The nature of this play differs markedly from that intended by the makers
of the original stick. The size of the work negates the possibility of
playing on one’s own, as it is impossible to control the interface
single-handedly. Players are thus required to engage socially, to work
cooperatively. Their engagement is also kinesthetic and physical since
they need to clamber up on to the work and use their whole bodies to control
the stick. Other members of the audience are able to witness the spectacle
of collaborative performance that such an engagement produces, and have
also felt able at times to goad the players into action. For Christiane
Paul it is this engagement that makes players:
“…acknowledge not only the notion of shared space but also
the necessity for shared strategies and approaches in order to pursue
their goal” Paul (2006).
[giantJoystick], by hugely increasing the size of the Atari joystick,
foregrounds the computer interface as a place of social engagement. Through
playing with the work and observing others at play our awareness of Human
Computer Interfaces is heightened. Mary Flanagan calls ‘playculture’
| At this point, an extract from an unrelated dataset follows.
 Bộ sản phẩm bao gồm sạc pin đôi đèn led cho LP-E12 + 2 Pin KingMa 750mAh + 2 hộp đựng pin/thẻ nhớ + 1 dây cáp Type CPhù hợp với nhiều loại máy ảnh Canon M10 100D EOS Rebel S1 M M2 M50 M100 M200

“…the arena of ordinary, day-to-day computer-based activities
that have passed as invisible and unimportant..” Flanagan (2006)
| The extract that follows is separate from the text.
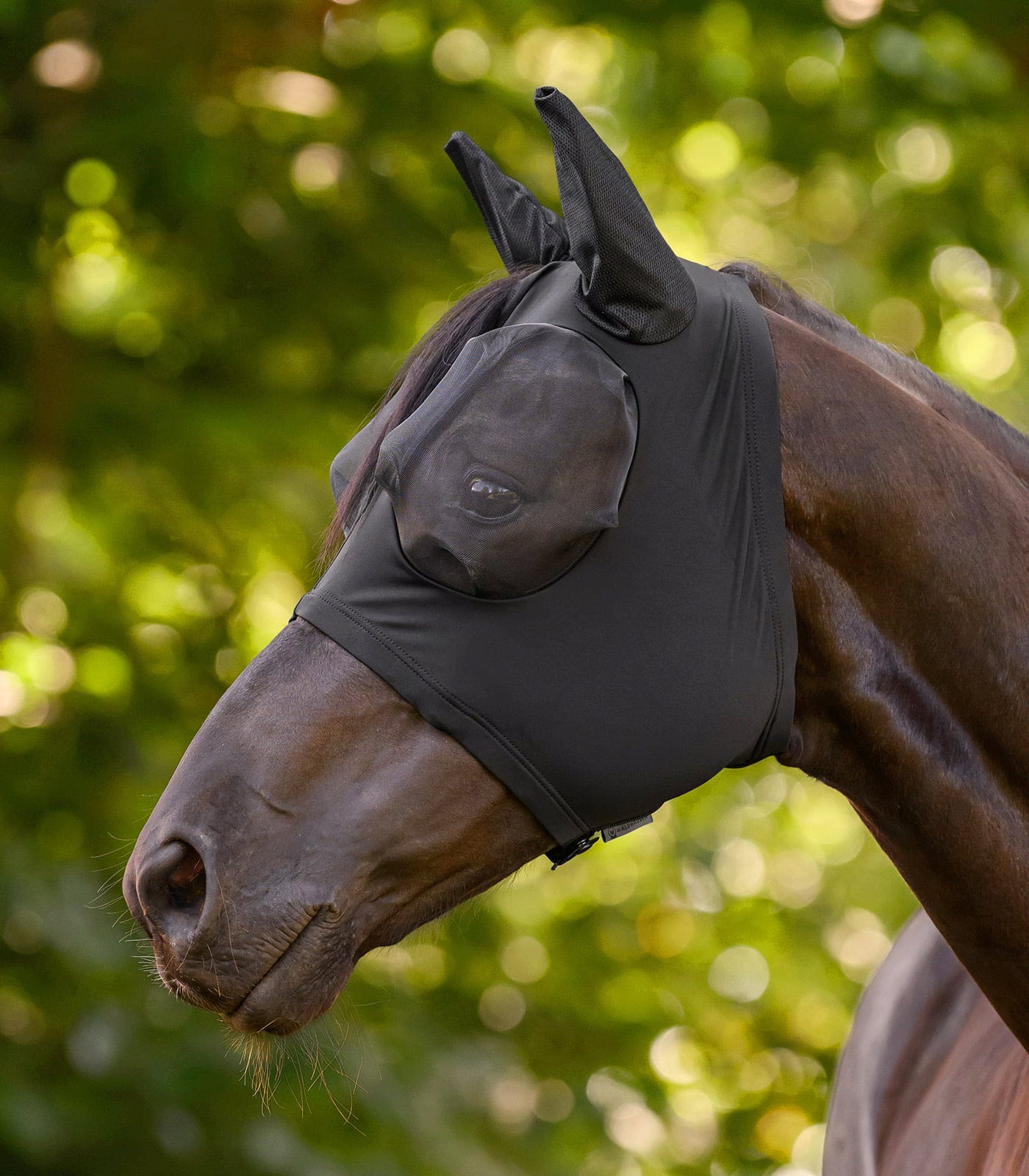 Da bi preprečili točke pritiska, so vsi robovi maske obrobljeni z mehkim flisom, ki se nežno prilagaja konturam konjeve glave. Vgrajeni ušesni vstavki iz mrežice, ki prepušča zrak, zagotavljajo dodatno varnost, ne da bi se pod masko nabirala toplota. Zaradi širokega zapenjanja z ježkom je masko zelo enostavno namestiti in individualno prilagoditi, tako da ostane varno na mestu, tudi ko se konj velikopremika ali valja. Nezahteven dodatek za vsak dan sezone žuželk.

Her aim with [giantJoystick] is to reveal the technological locations
for play, to highlight the activities that occur in these spaces, and
to show them as social and political acts.
Collaboration
“Fluxus is a creation of the fluid moment. The transformative zone
where the shore meets the water is simple and complex.”3 Friedman
(1989)
Fluxus, from ‘to flow’, describes art that is intermedial,
which is created at the intersection between different media and physical
spaces. Fluxus artists always experimented with the technology that was
available to them at any given time, and made full use of the communication
systems that this enabled, including international telecommunications
and postal networks. Contemporary media artists have taken up this baton,
using the further developments of the Internet to enable people from diverse
regions and countries to come together, to have a dialogue, to create
work collaboratively, and in so doing to be artists.
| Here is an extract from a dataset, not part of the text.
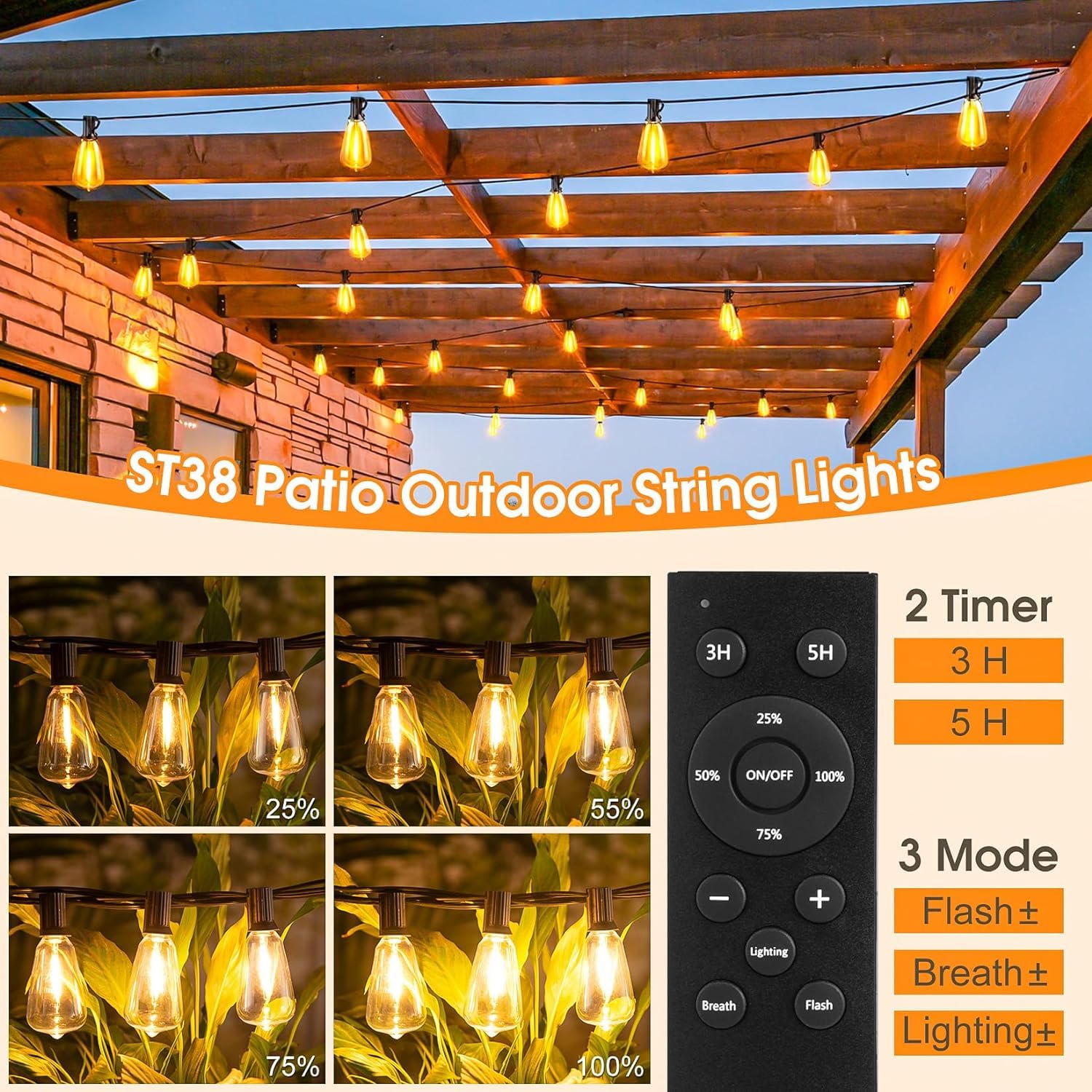 • Remote with Dimmable & Timer : You can DIY to create a warm and romantic atmosphere, bring you relaxation and happiness. Outdoor patio lights with remote have 4 levels of dimming (25%/50% /75% /100%)+Stepless dimming(0%-100%), no need to buy an extra dimmer. 3H/5H timer function, dutifully turn on/off daily after your set. 3 preset light modes (breath, flash, regular lighting)suitable for a variety of scenarios use, create a vintage effect or antique ambiance and romantic atmosphere

In the post-industrial world, communication technology provides the tools
by which much of our work is produced. While this technological implementation
has ultimately failed to provide us with more time away from work (unless
of course you count being permanently out of work), it has enabled us
to develop our relationships across physical boundaries, and has changed
how and with whom we play. VisitorsStudio by Furtherfield takes notions
of collaborative production to new levels by providing a real-time, online
platform for social, creative practice. Multiple users are able to upload
files to the website and create an audio-visual mix from this and other
material residing in the VisitorsStudio database. It provides an online
space for networked performance, and its collaborative nature breaks down
divisions between audience and viewer. Active participants are thus able
to create an ever changing, and in some senses, negotiated online montage,
which serves on one level as documentation of these transactions.
“VisitorsStudio ..offers a readily accessible channel for collective
creation and community building with minimal toolsets” Lichty (2006).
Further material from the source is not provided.